Dremio has announced its launch in the data analytics market with the availability of the Dremio Self-Service Data Platform.
Despite industry promises of software unlocking the value of data, the company contends, analysts and data scientists continue to struggle to harness data for business intelligence and data science.
The company’s mission is to cut out the need for traditional ETL, data warehouses, cubes, and aggregation tables, as well as the infrastructure in order to enable users to be independent and self-directed in their use of data, thereby accelerating time to insight.
Dremio aims to allow users to be independent and self-directed in their use of data, while accessing data from a variety of sources at scale. In this way, it “liberates them to use data themselves, instead of being dependent on IT,” said Kelly Stirman, Dremio vice president of strategy and CMO.
The idea is that if analysts and data scientists can gain access to data they need through a single platform, duplicate copies of data proliferating through organizations can also be avoided, and data governance can be improved.
New Challenges
According to Tomer Shiran, co-founder and CEO of Dremio, there has been a dearth of innovation in the ETL and data warehousing space over the last 20 years, and that is impacting companies’ ability to leverage their data.
There are two conspicuous challenges today: the size and complexity of data under management and the increasingly high expectations of users accustomed to fast response from consumer devices and apps, said Shiran. When put together, the combination creates an almost unwinnable situation for companies.
Self-Service
Dremio set out to address these issues by providing a self-service approach that is more consumer-like, and incorporates execution and caching technologies that accelerate analytical processing to achieve the response that users have become accustomed to. “We hired UI engineers from Apple and Twitter to focus on building an extremely high-quality UI that business analysts, and Excel and line-of-business users would love to use,” said Shiran.
The UI allows users to discover, curate, accelerate, and share data for specific needs, without being dependent on IT, and they can also launch their favorite tools from Dremio directly, including Tableau, Qlik, Power BI, and Jupyter Notebooks.
Performance
A key differentiator of the new solution, noted Shiran, is that Dremio is the first Apache Arrow-based distributed query execution engine. This, he said, represents a breakthrough in performance for analytical workloads as it enables hardware efficiency and minimizes serialization and deserialization of in-memory data buffers between Dremio and client technologies like Python, R, Spark, and other analytical tools. Arrow is also designed for GPU and FPGA hardware acceleration.
The company has also pioneered a new technology called Reflections that isolates operational systems from analytical workloads by physically optimizing data for specific query patterns, so queries can be satisfied faster. Dremio’s query planner selects the best Reflections to provide maximum efficiency, accelerating processing by up to a factor of 1000.

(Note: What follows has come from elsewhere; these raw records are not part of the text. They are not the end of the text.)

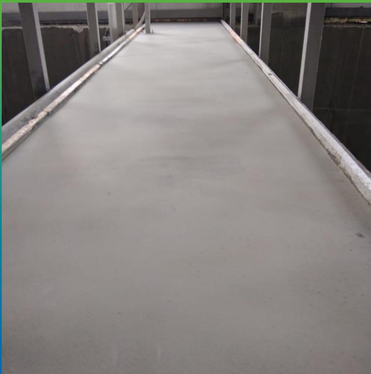
Финальный вид покрытия после полимеризации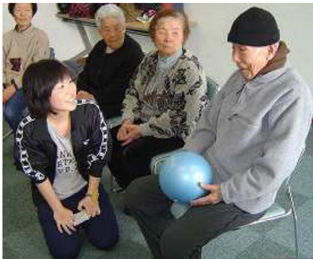
利用者に笑顔で語りかける実習生

ウエルネススクエア和楽で、明るい笑顔で実習に取り組む国立病院機構 熊本医療センター附属看護学校の学生さん。利用者は、実習生との会話が楽しみの一つになってきた。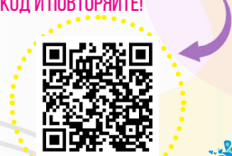
ИСПОЛЬЗОВАНИЕ ЕРШИКОВ У ПАЦИЕНТОВ С БРЕКЕТАМИ

- ИСПОЛЬЗУЙТЕ ЗУБНЫЕ ЕРШИКИ! ПОПРОСИТЕ ВАШЕГО ВРАЧА/ГИГИЕНИСТА ПОДОБРАТЬ ВАШ РАЗМЕР ЕРШИКА И ИСПОЛЬЗУЙТЕ ЕГО ЕЖЕДНЕВНО. ВОЗЬМИТЕ ЕРШИК, НАВЕДИТЕ НА QR-КОД И ПОВТОРЯЙТЕ!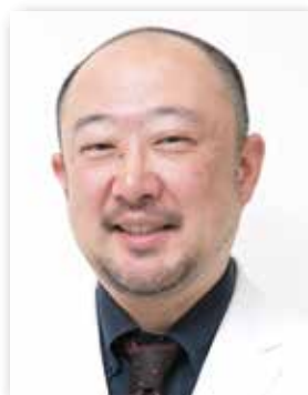
こうざと矯正歯科クリニック院長

こうざと矯正歯科クリニック 〒762-0032 香川県坂出市駒止町1-4-2 http://www.kouzatokyousei.com/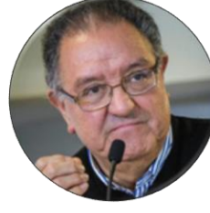
Francisco Huenchumilla Senador por la Región de la Araucanía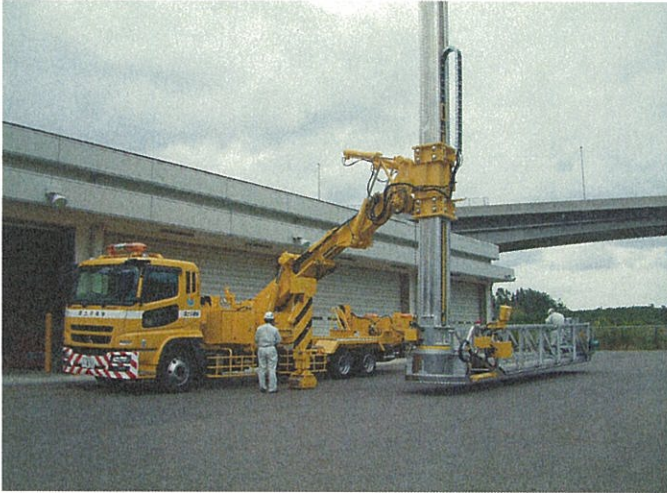
橋梁点検車 歩廊式

平成21年3月に新しく配備した 災害対策用機械です。 同型機が全国に15台あり、中 国地方整備局内で唯一の保有 となります。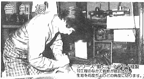
シリーズ「心のつなぎ」縫製工程のなかで職人が最も大切に生地を45度ちよんどの角度に切ります。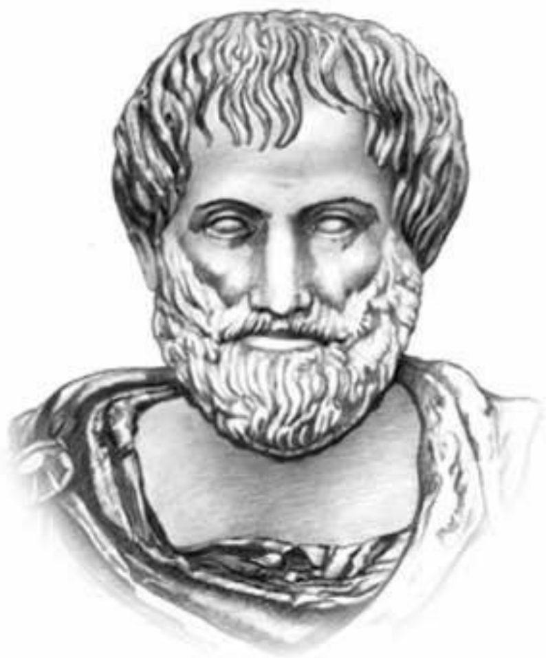
АРИСТОТЕЛЬ 384-322 до н. э.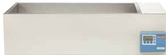
CIR 89 恒温水浴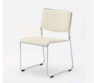
SC-804 アームレスチェア

サイズ: W480×D525×H740×SH420 仕様: 張材/レザーアイボリー フレーム/スチールクロームメッキ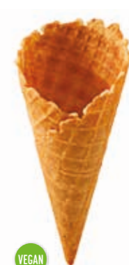
Süße Hörnchen Dani 0047N süß gedreht · Höhe 130 mm/Ø 55 mm ca. 2-3 Kugel Art. Nr. 618547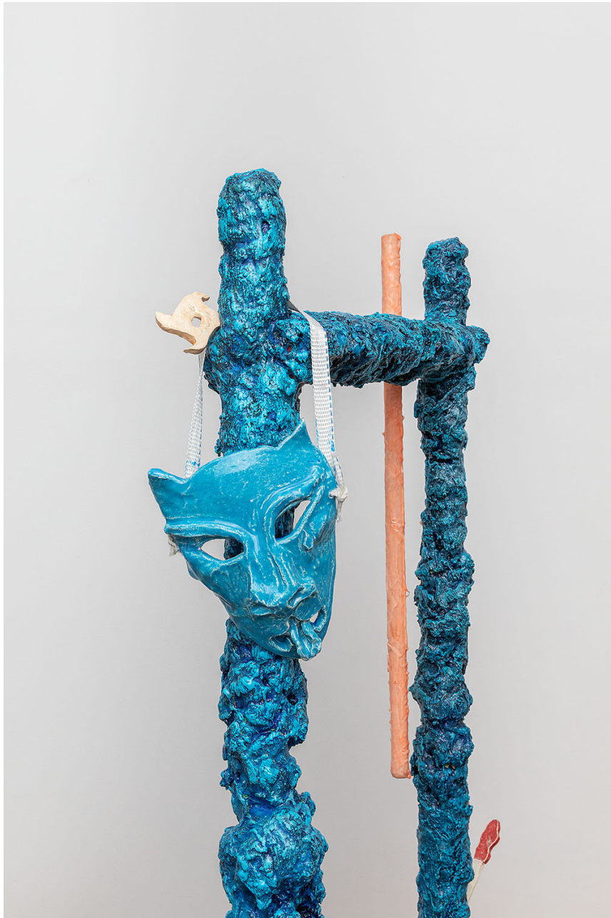
detail, Melchior de Tinguy, Bonne nuit les petits , 2020, mixed media, 166 x 156 x 140 cm.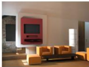
Imagen resultante procesada en vivo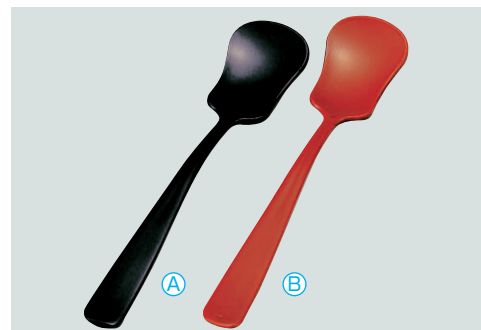
8-1079-5 AC アイスクリームスプーン (13.7×2.9) 梱1000 A 1-772-17 黒 ¥270 B 1-772-18 朱 ¥270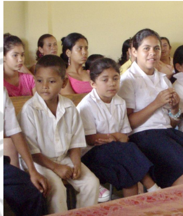
Fig. 6. Proyecto educativo de bachillerato agroforestal en Honduras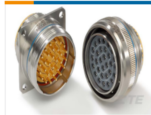
TE 产品编号ZPF000000000033241 983-0S 14-07 S7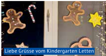
Liebe Grüsse vom Kindergarten Letten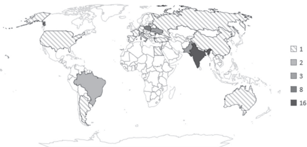
Ryc. 1. Narodowości stypendystów programu PASIFIC z uwzględnieniem ich liczności

W dalszej części pracy omówimy wyniki wybranych projektów. Wybór jest oczywiście subiektywny i służy ilustracji różnorodności prowadzonych prac.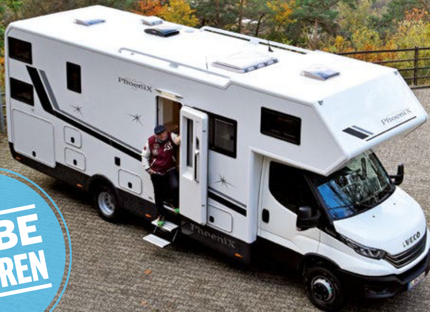
Text und Fotos: Simon Ribnitzky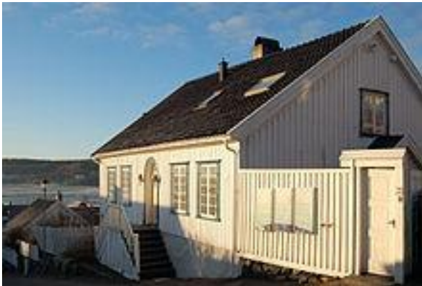
Дом в Лаврике

Тур Хейердал родился в небольшом городке Ларвик на юге Норвегии в семье Тура и Алисон Люнг Хейердал. Отец владел пивоварней. Мать работала в антропологическом музее, и юный Тур довольно рано познакомился с дарвиновской теорией эволюции. С детских лет Хейердал интересовался зоологией. В доме, где Тур проживал в те годы, он создал небольшой музей, в котором главным экспонатом была гадюка.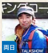
両日 TALKSHOW 登山家 山野井泰史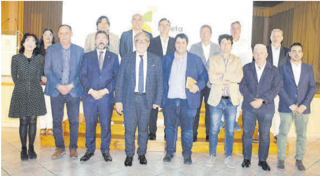
La presentació de Nuleta va reunir nombroses autoritats al Saló Multifuncional de Nules el passat 31 de març.

In addition, Dremio optimizes processing into underlying data sources, maximizing efficiency and minimizing demands on operational systems. It rewrites SQL in the native query language of each data source, such as Elasticsearch, MongoDB, and HBase, and optimizes processing for file systems such as Amazon S3 and HDFS.
“We know how to translate query plans to the MongoDB language or the Elasticsearch, or Oracle’s SQL dialect,” said Shiran. “The way to get the best performance is to fundamentally understand what each system supports from an execution standpoint, being able to push down queries using the language of that data source.”
Governance
While greater data access for more users has been the holy grail of big data analytics, the parallel concern is that opening up more access to enterprise data may result in weaker governance and more risk. Addressing these concerns, Shiran said that Dremio's Data Graph preserves a complete view of the end-to-end flow of data for analytical processing. This allows companies to have visibility into how data is accessed, transformed, joined, and shared across sources and analytical environments to support data governance, security, knowledge management, and remediation activities.
“One of the unique advantages that Dremio has—because it is one system and is sitting in that middle layer—is that we see everything that is happening from data curation to all the queries coming from Tableau, R, and PowerBI,” said Shiran. “We know exactly who is doing what with the data and the relationships between the datasets.”
Deployment
Dremio can be run in the cloud, on premises, or as a service provisioned and managed in a Hadoop cluster.
Dremio has been in beta testing over the past few months. About 50% of customers run exclusively in the public cloud and the other half run in their own data center. In the cloud, he noted, Dremio can take advantage of elastic compute resources as well as object storage such as Amazon S3 for its Reflection Store. In addition, Dremio can analyze data from a wide variety of cloud-native and cloud-deployed data sources.
The software is being distributed as an open source and free community edition, in addition to an enterprise edition.
Dremio has been released as an open source project under the Apache license and is available for download.